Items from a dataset
# # #

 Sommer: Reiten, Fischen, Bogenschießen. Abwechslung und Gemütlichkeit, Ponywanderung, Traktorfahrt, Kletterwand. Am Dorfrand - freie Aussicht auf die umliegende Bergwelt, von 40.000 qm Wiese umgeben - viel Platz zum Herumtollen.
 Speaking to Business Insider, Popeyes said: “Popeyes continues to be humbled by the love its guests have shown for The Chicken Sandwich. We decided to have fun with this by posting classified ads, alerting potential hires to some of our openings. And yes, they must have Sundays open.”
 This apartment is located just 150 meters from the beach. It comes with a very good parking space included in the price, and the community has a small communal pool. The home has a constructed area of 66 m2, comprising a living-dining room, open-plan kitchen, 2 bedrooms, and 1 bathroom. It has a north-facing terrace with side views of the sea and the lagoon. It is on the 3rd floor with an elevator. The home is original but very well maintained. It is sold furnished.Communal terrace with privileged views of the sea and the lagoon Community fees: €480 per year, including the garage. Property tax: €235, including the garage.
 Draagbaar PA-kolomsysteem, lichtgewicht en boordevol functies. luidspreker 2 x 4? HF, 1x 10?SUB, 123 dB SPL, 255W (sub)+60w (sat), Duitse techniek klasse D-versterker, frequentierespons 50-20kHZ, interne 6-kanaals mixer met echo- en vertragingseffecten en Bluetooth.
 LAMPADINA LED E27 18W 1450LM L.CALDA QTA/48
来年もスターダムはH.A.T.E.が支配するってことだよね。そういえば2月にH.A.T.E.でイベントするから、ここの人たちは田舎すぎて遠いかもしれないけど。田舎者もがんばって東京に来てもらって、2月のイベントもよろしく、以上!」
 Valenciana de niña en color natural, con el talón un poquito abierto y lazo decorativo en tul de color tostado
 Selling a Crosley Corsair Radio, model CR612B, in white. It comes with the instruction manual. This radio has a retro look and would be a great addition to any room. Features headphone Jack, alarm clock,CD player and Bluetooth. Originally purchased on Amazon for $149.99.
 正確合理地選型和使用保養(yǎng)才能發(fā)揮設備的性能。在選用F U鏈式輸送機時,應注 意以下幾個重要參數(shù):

# # #

YOUR TASK. Return only the lines running from the line with "来年もスターダムはH.A.T" to the last line of the records, both included, exactly as written.

SOLVED EXERCISE.
来年もスターダムはH.A.T.E.が支配するってことだよね。そういえば2月にH.A.T.E.でイベントするから、ここの人たちは田舎すぎて遠いかもしれないけど。田舎者もがんばって東京に来てもらって、2月のイベントもよろしく、以上!」
 Valenciana de niña en color natural, con el talón un poquito abierto y lazo decorativo en tul de color tostado
 Selling a Crosley Corsair Radio, model CR612B, in white. It comes with the instruction manual. This radio has a retro look and would be a great addition to any room. Features headphone Jack, alarm clock,CD player and Bluetooth. Originally purchased on Amazon for $149.99.
 正確合理地選型和使用保養(yǎng)才能發(fā)揮設備的性能。在選用F U鏈式輸送機時,應注 意以下幾個重要參數(shù):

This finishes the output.